As before, choose “Run workflow(s) with inputs defined by data table”, but this time choose the “analysis” table. In the “SELECT DATA” dialogue choose the one and only row, for HCC1395.
2.5.3 Setting the workflow options.
Call caching can be turned on if desired–should the workflow fail this will allow it to shortcut previously successful steps. Once again it’s a good idea to select the “Delete intermediate outputs” option–though note that call caching won’t work once a run completes and the intermediate outputs have been deleted. The other options can remain unselected.
2.5.4 Setting the workflow inputs.
2.5.4.1 Static inputs
This time there are far more inputs to deal with. Thankfully, most of them are static values. If starting from scratch there is a link to download a JSON template that can be filled in and re-uploaded. An existing JSON from a manual run works, too. For this example, there’s an existing YAML that can be used. It will need to be converted to JSON for use in Terra. There are many ways to do this conversion; one is an online tool like this one. Using the “Upload JSON” we’ll use this to fill in most of the inputs.
2.5.4.2 Linking to the data table
Several inputs need link to the data table, so these will need to be filled in to replace the values from the uploaded JSON (if any were set).
input | value |
---|---|
normal_sample_name | this.normal_dna_sample.sample_id |
normal_sequence | this.normal_dna_sequences.sequence_data |
rna_sequence | this.tumor_rna_sequences.sequence_data |
sample_name | this.tumor_rna_sample.sample_id |
tumor_sample_name | this.tumor_dna_sample.sample_id |
tumor_sequence | this.tumor_dna_sequences.sequence_data |
This shows how when a table contains references to another one, you can refer to columns of the other tables through the relationships established.
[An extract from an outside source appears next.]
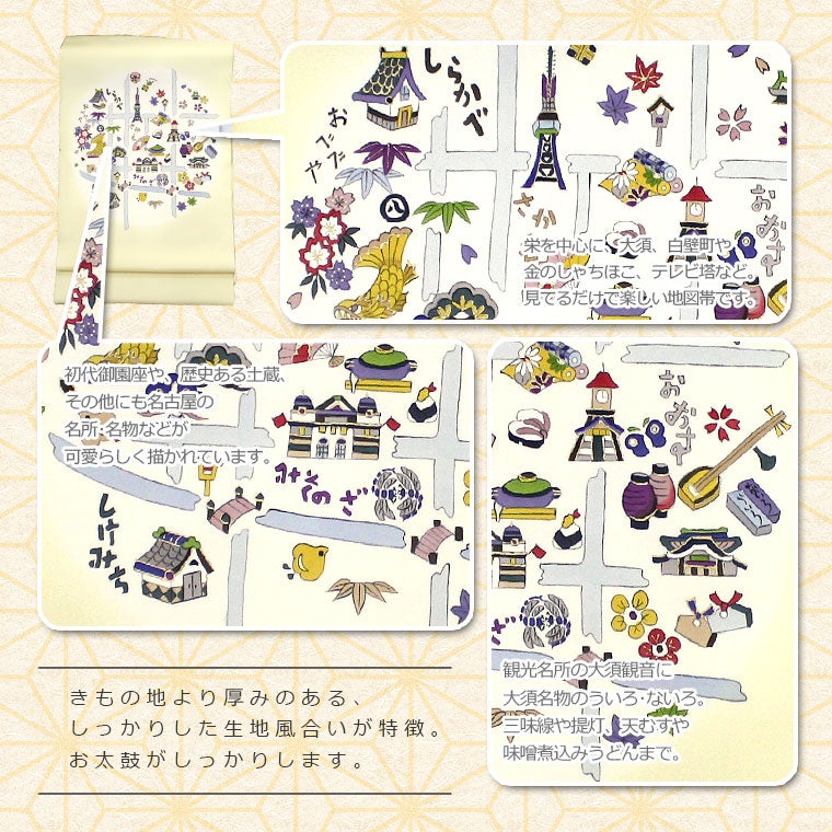 名古屋帯 名古屋の名所地図 (お仕立て付き)

2.5.5 Setting the workflow outputs.
Every output from the workflow can be added as a column to the datatable. Choose “Use defaults” to automatically populated all the outputs to columns of the same name.
2.5.6 Launching the workflow
Now we’re ready to “Launch Analysis”. This time, we only have one row so it will launch a single workflow to do the work. For this immuno.wdl, it will take a few days to run to completion on the HCC1395, so now we wait. Terra should send an e-mail once the workflow either succeeds or fails.
2.5.7 Viewing the results
After the run, there are several ways to examine the results.
2.5.7.1 In the data table
The outputs that were specified will be added as columns to the “analysis” datatable.
2.5.7.2 From the command-line
This table is now very wide! It may be useful to select the row and export it as a TSV to view.
There is also a command-line tool to pull data from a terra workspace. To pull the analysis table:
pip install firecloud
fissfc entity_tsv -p TERRA_BILLING_PROJECT -w WORKSPACE -t analysis -m flexible
For more about this command, see this Terra documentation page.
2.5.7.3 In the Job History
For a more comprehensive view of what happened in the workflow, the Job History view can be used.
This will have the attempts to run both the immuno and sequence-object-consolidator workflows. Clicking on the immuno workflow will load a details page for digging in.
The “Job Manager” link on this page will show the inputs, outputs, and timings of each step in the workflow and the “Execution Directory” link will lead to the Google bucket where cromwell did its work. If intermediate outputs were not set to be deleted, they will also be in this location along with the final results.
For more on the job manager, see this Terra documentation page.
2.6 Further information
Terra maintains extensive documentation including some video walkthroughs of the basics of using various features of the platform.